Monday, 14 December 2009

My MANy Bags News #166


Below: Burberry is one of the fashion brands that embraces social media. Artofthetrench.com is a good example...


Fashion Brands Seek Control In Social Media Boom

(An interesting insight into the growing significance of social media on what was once an almost exclusive brand controlled information sharing within the fashion industry. Technology changed our lives constantly and to keep up with the times, it is important changes need to be embraced and adapted as we progress. We rely so much on the internet to source for information. Have a read at the article below. The mention of search engines bringing out the most popular of voices, namely, top blogs, is reassuring and perhaps unsettling for some fashion brands. Still an insightful read. Full article available on wwd for subscribers)

Fashion and luxury brands still grappling with Facebook and Twitter should brace themselves: Foursquare and Google Wave are among new tools on the horizon with potential applications for brand building and e-commerce.

Experts are still counseling measured and clear-headed steps into the digital world, which continues to be unfamiliar and tricky territory for brands accustomed to tightly controlling their image and information about their products and business.

“Fashion has struggled a lot with the acceleration of everything,” said Lucian James, founder and creative director of strategic consultancy Agenda Inc., based in New York and Paris. “Whether they like it or not, in the new environment, luxury brands are also publishers. They will need to find new kinds of information and new ways to deliver it.”

James said “real-time” is poised to be one of the buzzwords of 2010. Suddenly, “the amount of information that marketing and public relations teams can generate is an increasingly small percentage of what is being said,” he said. “And because of the way search engines work, it is the most popular voices that rise to the surface.
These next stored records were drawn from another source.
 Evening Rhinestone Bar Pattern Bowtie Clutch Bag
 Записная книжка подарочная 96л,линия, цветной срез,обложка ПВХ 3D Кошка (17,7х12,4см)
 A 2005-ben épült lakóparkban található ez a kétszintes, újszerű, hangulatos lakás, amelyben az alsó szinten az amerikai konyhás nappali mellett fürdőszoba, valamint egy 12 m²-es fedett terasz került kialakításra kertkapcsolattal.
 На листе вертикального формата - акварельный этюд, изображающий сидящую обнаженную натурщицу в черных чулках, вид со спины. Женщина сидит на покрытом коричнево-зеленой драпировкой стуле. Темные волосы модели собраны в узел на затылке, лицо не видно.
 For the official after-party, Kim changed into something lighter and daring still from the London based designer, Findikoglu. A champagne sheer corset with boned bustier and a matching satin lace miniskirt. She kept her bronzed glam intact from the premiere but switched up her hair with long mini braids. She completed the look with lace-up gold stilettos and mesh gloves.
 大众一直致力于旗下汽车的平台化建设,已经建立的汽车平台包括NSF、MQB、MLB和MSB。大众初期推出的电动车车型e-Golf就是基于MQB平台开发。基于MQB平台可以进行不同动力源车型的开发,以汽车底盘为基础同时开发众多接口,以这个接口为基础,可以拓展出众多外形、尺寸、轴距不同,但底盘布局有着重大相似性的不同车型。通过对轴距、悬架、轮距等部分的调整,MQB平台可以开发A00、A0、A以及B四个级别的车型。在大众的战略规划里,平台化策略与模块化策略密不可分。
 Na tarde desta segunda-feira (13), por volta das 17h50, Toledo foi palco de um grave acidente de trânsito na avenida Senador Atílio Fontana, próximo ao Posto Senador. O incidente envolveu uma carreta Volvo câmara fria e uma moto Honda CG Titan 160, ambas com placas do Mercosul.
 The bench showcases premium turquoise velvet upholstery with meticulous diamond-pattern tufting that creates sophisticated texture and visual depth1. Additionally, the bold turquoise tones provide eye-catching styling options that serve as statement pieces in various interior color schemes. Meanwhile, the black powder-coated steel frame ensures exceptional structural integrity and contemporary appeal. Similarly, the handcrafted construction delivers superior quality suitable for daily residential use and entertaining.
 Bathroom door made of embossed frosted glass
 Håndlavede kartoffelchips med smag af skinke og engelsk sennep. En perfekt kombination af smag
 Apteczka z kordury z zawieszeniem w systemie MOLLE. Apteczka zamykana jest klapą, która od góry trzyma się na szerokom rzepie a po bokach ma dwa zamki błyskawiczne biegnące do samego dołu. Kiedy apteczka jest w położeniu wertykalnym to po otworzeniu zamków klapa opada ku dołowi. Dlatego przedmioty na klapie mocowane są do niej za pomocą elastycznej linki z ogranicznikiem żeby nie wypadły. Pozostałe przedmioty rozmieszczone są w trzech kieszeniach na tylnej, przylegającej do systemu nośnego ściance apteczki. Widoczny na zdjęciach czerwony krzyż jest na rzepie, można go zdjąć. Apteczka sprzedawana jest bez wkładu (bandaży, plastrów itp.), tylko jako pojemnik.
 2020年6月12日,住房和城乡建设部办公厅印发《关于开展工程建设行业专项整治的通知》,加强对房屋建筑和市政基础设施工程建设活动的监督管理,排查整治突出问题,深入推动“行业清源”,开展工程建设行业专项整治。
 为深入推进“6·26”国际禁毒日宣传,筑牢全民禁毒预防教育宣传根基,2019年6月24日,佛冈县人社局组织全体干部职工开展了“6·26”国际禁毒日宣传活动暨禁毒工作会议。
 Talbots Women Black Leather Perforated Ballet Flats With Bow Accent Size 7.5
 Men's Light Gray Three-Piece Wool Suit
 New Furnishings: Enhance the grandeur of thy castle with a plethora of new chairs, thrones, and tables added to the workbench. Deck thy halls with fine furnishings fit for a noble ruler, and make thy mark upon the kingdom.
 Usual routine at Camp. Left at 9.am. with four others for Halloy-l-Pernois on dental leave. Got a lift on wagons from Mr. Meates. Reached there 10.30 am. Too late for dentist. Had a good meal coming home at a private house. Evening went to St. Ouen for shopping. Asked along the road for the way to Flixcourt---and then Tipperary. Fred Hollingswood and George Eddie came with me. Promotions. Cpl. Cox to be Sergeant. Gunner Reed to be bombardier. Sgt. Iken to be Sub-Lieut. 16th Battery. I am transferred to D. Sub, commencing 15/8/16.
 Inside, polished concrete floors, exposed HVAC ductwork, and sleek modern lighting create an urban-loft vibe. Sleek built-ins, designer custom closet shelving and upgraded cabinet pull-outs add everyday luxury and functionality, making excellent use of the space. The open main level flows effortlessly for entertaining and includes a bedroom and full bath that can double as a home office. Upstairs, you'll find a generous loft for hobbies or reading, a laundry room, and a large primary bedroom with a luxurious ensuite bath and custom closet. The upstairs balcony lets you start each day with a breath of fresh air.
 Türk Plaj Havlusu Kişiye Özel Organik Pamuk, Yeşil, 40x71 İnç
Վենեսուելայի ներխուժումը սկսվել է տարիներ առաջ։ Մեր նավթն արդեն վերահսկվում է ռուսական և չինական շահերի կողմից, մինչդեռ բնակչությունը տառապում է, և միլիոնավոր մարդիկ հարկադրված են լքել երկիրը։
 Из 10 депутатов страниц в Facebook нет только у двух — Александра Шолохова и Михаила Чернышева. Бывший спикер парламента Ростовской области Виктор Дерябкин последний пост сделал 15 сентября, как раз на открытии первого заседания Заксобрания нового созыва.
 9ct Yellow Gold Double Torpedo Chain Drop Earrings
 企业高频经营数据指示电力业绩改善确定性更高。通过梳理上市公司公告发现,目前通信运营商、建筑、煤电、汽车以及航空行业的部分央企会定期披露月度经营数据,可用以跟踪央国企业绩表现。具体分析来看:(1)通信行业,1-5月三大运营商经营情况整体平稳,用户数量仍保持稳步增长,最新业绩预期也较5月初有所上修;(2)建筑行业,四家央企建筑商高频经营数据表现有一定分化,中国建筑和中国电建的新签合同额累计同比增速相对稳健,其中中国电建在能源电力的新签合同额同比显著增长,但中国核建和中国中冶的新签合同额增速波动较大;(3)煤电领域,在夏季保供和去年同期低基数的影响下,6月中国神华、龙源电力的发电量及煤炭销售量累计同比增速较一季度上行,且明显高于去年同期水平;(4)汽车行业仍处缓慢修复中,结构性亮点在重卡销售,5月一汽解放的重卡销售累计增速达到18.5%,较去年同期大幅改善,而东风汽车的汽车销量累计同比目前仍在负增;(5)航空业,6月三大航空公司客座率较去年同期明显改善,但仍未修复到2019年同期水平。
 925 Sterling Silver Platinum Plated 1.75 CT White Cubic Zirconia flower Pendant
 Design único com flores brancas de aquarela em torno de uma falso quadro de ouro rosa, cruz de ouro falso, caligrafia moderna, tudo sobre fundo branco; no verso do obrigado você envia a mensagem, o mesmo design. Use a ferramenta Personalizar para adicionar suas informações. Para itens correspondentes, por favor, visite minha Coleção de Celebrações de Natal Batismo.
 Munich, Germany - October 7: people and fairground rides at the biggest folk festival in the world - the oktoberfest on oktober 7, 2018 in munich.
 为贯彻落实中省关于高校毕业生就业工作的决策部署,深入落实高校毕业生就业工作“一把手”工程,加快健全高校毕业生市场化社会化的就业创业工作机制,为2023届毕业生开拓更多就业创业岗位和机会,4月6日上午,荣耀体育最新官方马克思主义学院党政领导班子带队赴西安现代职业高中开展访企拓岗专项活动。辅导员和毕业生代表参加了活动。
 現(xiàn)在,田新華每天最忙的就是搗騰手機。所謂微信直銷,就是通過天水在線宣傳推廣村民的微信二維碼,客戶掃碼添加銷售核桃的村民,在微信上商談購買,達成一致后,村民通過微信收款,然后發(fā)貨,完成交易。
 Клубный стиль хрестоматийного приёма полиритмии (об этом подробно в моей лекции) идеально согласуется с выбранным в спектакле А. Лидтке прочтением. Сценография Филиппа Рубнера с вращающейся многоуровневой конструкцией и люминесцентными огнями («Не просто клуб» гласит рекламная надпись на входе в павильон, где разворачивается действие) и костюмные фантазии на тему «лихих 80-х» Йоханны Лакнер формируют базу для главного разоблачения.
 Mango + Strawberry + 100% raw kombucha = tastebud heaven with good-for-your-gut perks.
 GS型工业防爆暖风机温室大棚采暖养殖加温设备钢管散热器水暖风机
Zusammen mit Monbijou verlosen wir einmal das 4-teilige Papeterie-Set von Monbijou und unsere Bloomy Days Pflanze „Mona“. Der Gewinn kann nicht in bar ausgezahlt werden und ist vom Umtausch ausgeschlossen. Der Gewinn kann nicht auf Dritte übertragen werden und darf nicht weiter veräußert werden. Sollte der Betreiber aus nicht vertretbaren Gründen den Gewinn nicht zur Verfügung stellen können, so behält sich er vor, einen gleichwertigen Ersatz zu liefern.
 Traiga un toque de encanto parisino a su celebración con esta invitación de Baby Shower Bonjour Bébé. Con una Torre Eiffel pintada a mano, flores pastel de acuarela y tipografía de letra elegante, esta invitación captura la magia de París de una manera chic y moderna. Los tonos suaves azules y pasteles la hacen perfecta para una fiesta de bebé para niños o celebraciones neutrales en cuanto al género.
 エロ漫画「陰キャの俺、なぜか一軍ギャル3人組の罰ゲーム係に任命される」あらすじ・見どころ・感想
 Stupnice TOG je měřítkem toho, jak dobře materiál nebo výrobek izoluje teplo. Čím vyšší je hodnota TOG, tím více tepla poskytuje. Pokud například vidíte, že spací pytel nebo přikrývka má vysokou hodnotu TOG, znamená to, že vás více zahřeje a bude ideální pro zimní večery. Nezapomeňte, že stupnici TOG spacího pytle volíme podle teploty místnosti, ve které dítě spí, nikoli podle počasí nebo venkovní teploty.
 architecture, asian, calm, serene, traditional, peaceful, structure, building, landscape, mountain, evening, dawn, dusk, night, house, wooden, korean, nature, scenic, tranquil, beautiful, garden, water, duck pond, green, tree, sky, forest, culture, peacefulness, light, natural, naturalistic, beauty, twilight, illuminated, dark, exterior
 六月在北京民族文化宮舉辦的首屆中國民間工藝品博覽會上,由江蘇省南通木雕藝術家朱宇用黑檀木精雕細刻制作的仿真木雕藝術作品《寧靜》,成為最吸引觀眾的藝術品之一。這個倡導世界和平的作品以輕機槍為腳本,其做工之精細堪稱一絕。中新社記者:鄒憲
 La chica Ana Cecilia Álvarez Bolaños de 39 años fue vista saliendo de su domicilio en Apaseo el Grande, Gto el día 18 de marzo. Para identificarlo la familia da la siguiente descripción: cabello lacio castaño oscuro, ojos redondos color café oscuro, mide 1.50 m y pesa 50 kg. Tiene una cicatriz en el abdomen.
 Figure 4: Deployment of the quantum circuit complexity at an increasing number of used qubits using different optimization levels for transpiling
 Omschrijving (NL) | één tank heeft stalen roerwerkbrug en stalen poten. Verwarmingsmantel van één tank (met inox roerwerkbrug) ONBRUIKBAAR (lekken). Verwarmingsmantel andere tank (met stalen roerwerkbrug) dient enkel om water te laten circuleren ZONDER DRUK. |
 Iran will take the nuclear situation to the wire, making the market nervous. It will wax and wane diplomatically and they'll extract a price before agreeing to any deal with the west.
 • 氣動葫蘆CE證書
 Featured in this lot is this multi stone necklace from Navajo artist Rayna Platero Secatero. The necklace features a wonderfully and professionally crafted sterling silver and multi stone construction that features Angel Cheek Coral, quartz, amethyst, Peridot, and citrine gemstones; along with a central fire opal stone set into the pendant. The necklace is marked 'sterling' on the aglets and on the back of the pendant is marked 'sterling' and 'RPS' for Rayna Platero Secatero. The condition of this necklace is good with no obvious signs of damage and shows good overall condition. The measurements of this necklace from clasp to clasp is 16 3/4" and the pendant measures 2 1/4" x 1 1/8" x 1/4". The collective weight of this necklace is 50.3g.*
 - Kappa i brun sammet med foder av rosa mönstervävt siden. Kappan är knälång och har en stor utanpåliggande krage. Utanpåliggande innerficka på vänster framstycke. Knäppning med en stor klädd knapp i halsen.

That’s the power of the blogger.”

He characterized the shift to social media as “just an extension of the democratization of fashion” that has gained momentum in recent years.

Still, the rush of new technology and media is unsettling for brands accustomed to delivering a monologue rather than engaging in dialogue, and imposing large-format images rather than 140-character tweets.

“You have to embrace it and not fear it,” said Antoine Arnault, communications director at Louis Vuitton, which ranked number one in the apparel category in LuxuryLab’s annual ranking of 109 luxury companies according to their online competence, called the Digital IQ Index. “It’s a way of being closer to your customer.”

Arnault is certainly hands-on with digital communication, even tapping out impressions on Twitter last June when he traveled to New York to present Vuitton’s creative director, Marc Jacobs, with the CFDA’s International Award.

“If Kanye West comes in our store on Rodeo Drive, we’re going to Twitter about it,” he said. “[People] want instant information, not only on products but who’s wearing it.”

Yet there are hazards and challenges on the way to online resonance.

For example, using a cocktail party analogy, James said sending out facts and figures about a brand’s heritage on Twitter, as Vuitton does, is tantamount to “announcing your birthday without being asked. It’s not wrong; just not the most comfortable or most interesting thing for everyone else to hear.”

“Online information transmission doesn’t work in the same way as offline: You don’t drop 30 ad spots on a Web site just as you would do on TV,” added Uché Okonkwo, founder and executive director of Paris-based Luxe Corp. “Today’s Web is about exchanges, connecting and dialoguing, and all these things are new to luxury brands.”